Due to a 'slight' mistake on the order form, my gun club's beer mats arrived by container truck - seems we'd ordered 100,000, rather than 10,000. Sooooooooooo, here we are, a few years later, still using them for making VERY fine wads for all kinds of BP shooting, rifle and pistol. I actually had to resharpen my .45cal wadcutter at least four times last time I banged out a couple of thousand wads for my .44cal revolvers and I still have a stack of beer mats from floor to the underneath of my loading/casting bench. Mrs tac just reminded me that there is another box of five thousand under the stairs.... I used to soak them in some kind of cooking fat, until I realised where the fish and chip smell was coming from whenever I was shooting. Not soaking them doesn't seem to have made the slightest difference - not that I'd notice anyway.
 
In my Remington Navy I'm not sure about the weight, but what has worked forever is a .38 special case for a measure, for loading the slug, or conical bullet, and a .357 Mag case as a measure for round ball. I use felt wads under the ball, and Swiss 2f. No grease or fillers, as that would be kind of a hassle when out in the wilds. In fact, when I carry it afield and afar when hunting big game, I carry paper cartridges for it. Not combustuble, but just a paper cylinder, tear open, pour in powder, then the ball and wad is in the end of the paper. The pistol is really accurate, and the ".36" has plenty of power. It will dispatch a deer, or even bigger game if you know where to place the bullet. On the other hand, that small ball really does not damage much meat on small game.
 
Rat, fun fact here concerning your 36.

Decades ago an outfit discovered that a man and a deer take about the same to kill concerning handguns. This "company" used to use goats or deer to wound and patch up for drill.

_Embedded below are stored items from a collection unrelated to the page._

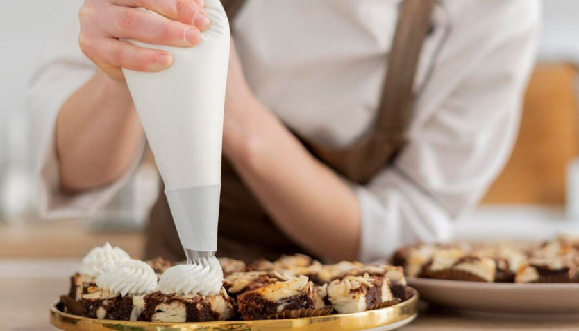 Остужаем, измельчаем обрезки. Пропитываем заготовки апельсиновым соком. Теперь приготовим крем. Выливаем в ёмкость холодные сливки, насыпаем сахарную пудру. Взбиваем сливки. Выкладываем сливки в кондитерский мешок, отсаживаем крем, посыпаем сверху пирожные крошкой.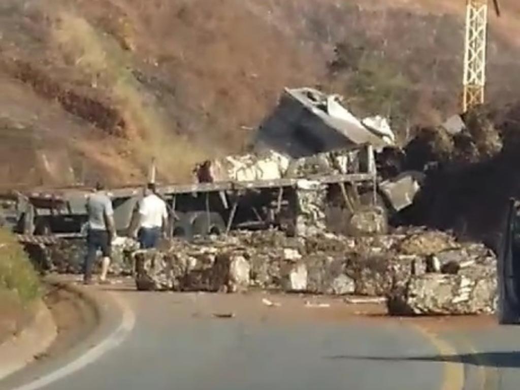 Acidente envolvendo um cavalo mecânico que puxava o semi-reboque carregado de materiais recicláveis prensados interdita a MG-120, entre Nova Era e Itabira, na manhã desta terça-feira (6). pic.twitter.com/qCiDj1aBZk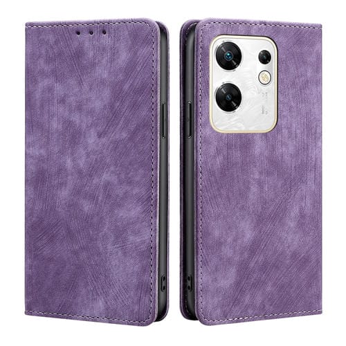 Funda de Cuero Magnética para Infinix Zero 30 4G con Rfid y Cepillo Antirrobo (Púrpura)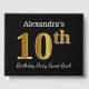 Black, Faux Gold 10th Birthday Party + Custom Name Guest Book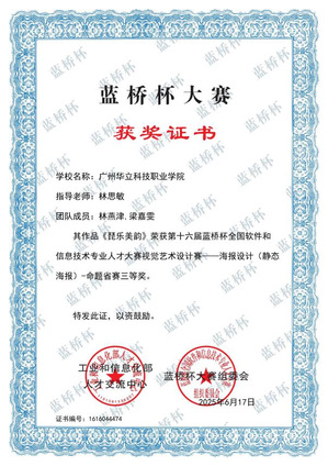 四、2025年6月,“藍(lán)橋杯全國軟件和信息技術(shù)專業(yè)人才大賽”由工業(yè)和信息化部人才交流中心主辦,連續(xù)多年入選中國高等教育學(xué)會“全國普通高校學(xué)科競賽排行榜”。本屆大賽省賽在全國31個省市自治區(qū)舉辦,來自北京大學(xué)、清華大學(xué)、復(fù)旦大學(xué)、上海交通大學(xué)等1900多所高校的23萬名選手同臺競技。在第十六屆“藍(lán)橋杯?視覺藝術(shù)設(shè)計大賽”藝術(shù)與傳媒學(xué)院學(xué)子斬獲“一等獎”2項(xiàng)、“二等獎”1項(xiàng)、“三等獎”5項(xiàng)。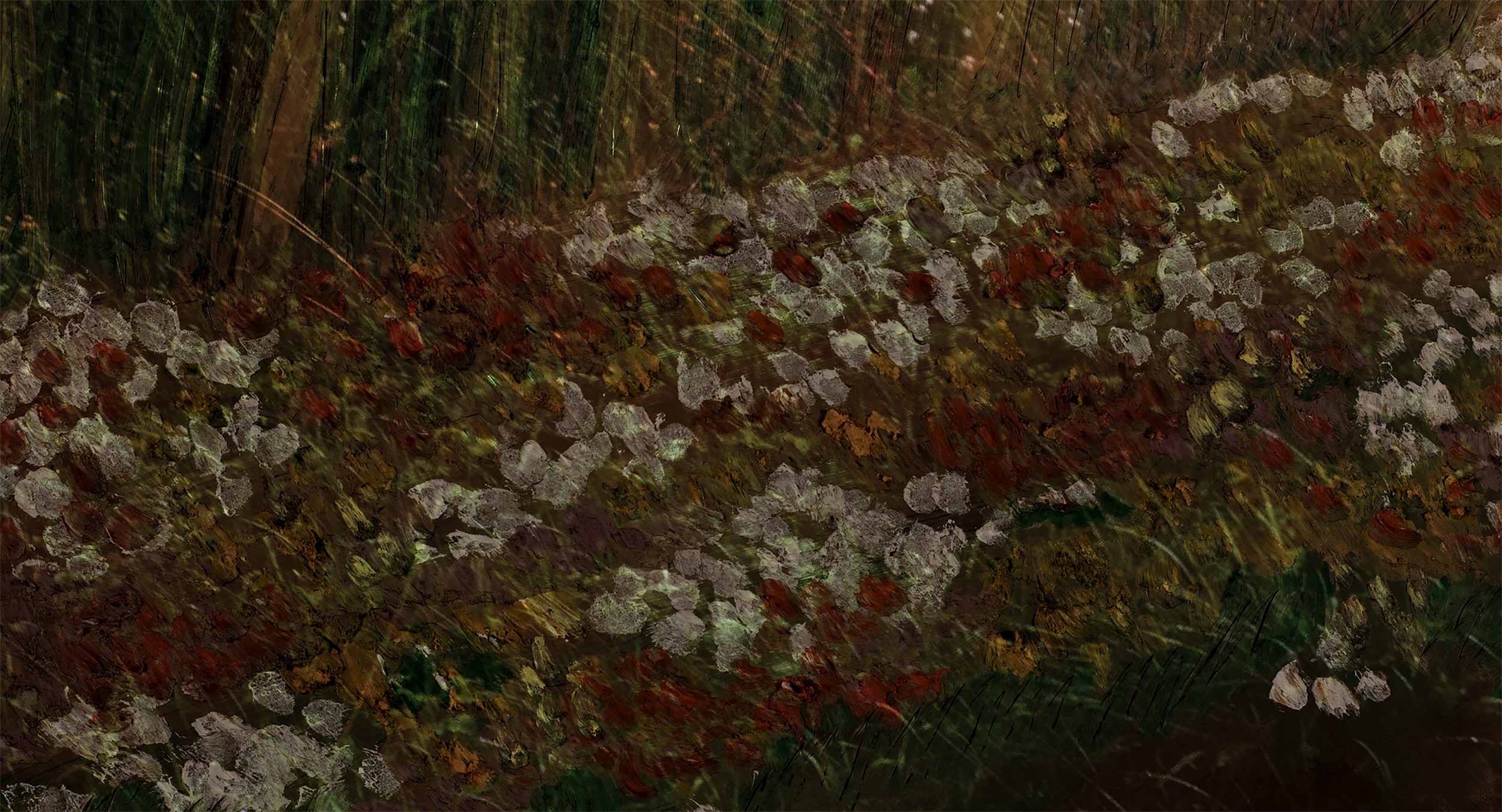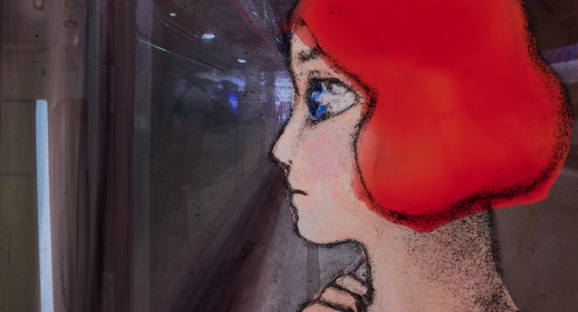Rouge monte dans le train. Si elle pouvait disparaître à cet instant, elle le ferait. Tout est décalé, irréel. Les souvenirs se mêlent au paysage. L’espace-temps se déchire. Une petite fille court vers une maison grinçante. Des herbes folles poussent dans le train. Rouge affronte son passé à contre-courant.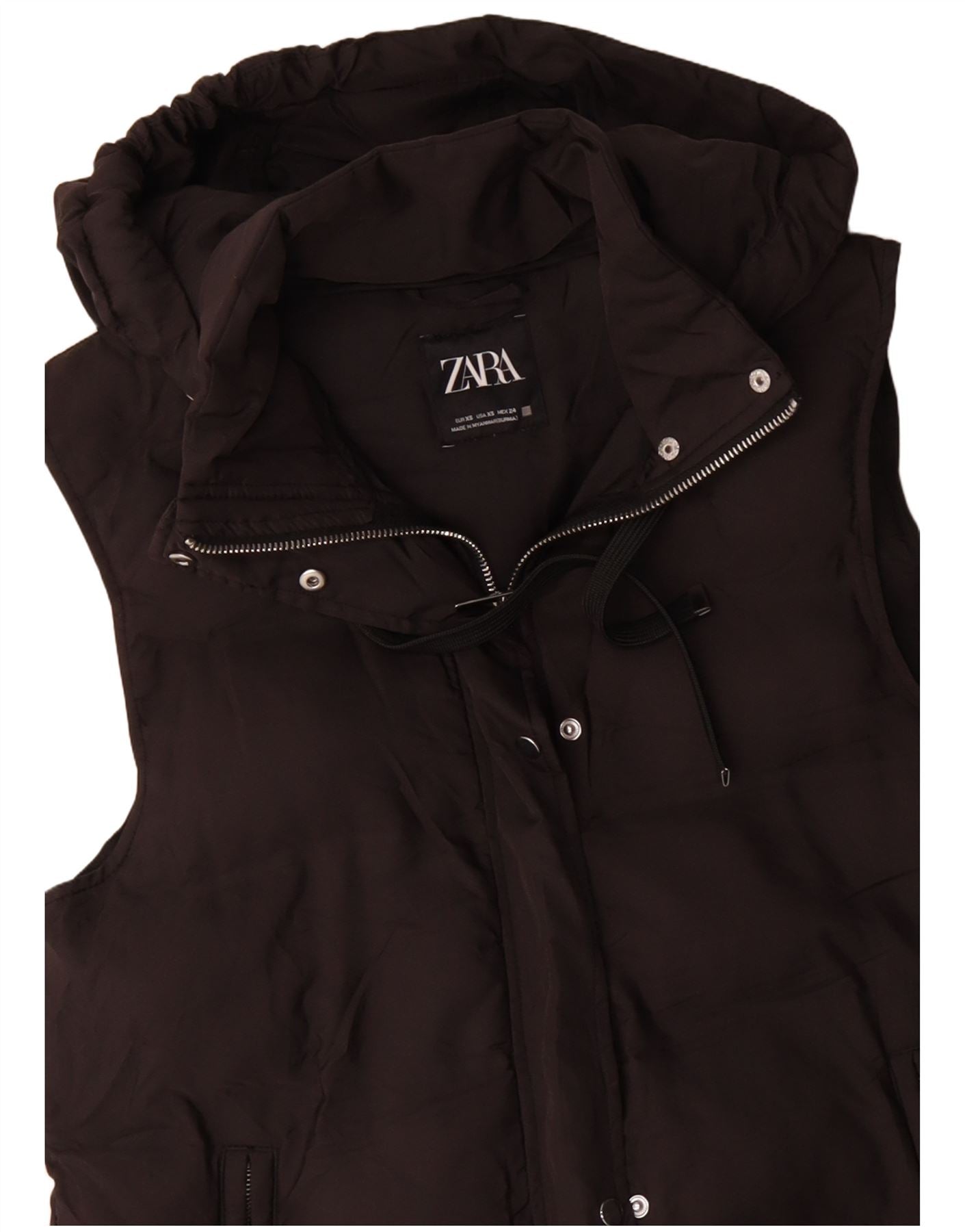 ZARA Chaleco acolchado largo con capucha extragrande para mujer UK 6 XS Marrón Poliéster

The same outfit used different handguns to dispatch the same goats and deer to determine effectiveness at killing.

So figuring how many men got killed in the civil unease, then the leap to dispatching deer with the good old 36 cal revolver used in proper effective range.
 
My understanding is that the .36 cap and ball revolvers, being either Remington or Colt, were equal to a modern .38Spl, in effectiveness. Energy tables, or foot pounds of energy won't bear this out, but in actual effectiveness, or effect they are pretty equal. That makes sense to me. Kind of like there are lots of modern rifle cartridges that won't drop a buffalo, but have much more "power" than a 45-70, but a .45-70 drops buffalo very well. Maybe it was that same outfit...not sure where I read it. Anyhow, don't want anyone shooting me with a .36!!!